Saturday, 11 March 2017

B vitamins for schizophrenia?

I'd like to briefly draw your attention to the results - systematic review and meta-analysis results - published by Joseph Firth and colleagues [1] observing that "certain vitamin and mineral supplements may reduce psychiatric symptoms in some people with schizophrenia" and specifically that certain B vitamins might be something to consider.

Such results come from a research team who are making significant waves in the field of meta-analyses and systematic reviews for all manner of different [important] topics. The additional inclusion of one Jerome Sarris to the authorship team adds a 'nutritional medicine as mainstream in psychiatry' touch to proceedings.

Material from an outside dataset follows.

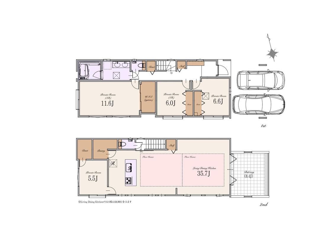 - 168.33m2(車庫面積14.09m2、外部参入面積10.17m2含む)~170.70m2(車庫面積13.68m2、外部参入面積10.99m2含む)

Drawing on data from 18 clinical trials - randomized controlled trials (RCTs) - cumulatively including over 800 participants, researchers reported that: "vitamin B supplementation (including B6, B8 and B12) reduced psychiatric symptoms significantly more than control conditions." Dose seemed to be important (higher doses appeared to be more effective than lower doses) as did timing of vitamin 'intervention'. Authors also indicated that subgroups of people with schizophrenia might be 'better responders' to this type of intervention, suggesting that either individual genetic differences or possibly nutritional deficiency before intervention might count in terms of effectiveness of B vitamin use. I was wondering whether those last points might tie into other discussions on this blog referencing genotype, B vitamins and [some] schizophrenia (see here).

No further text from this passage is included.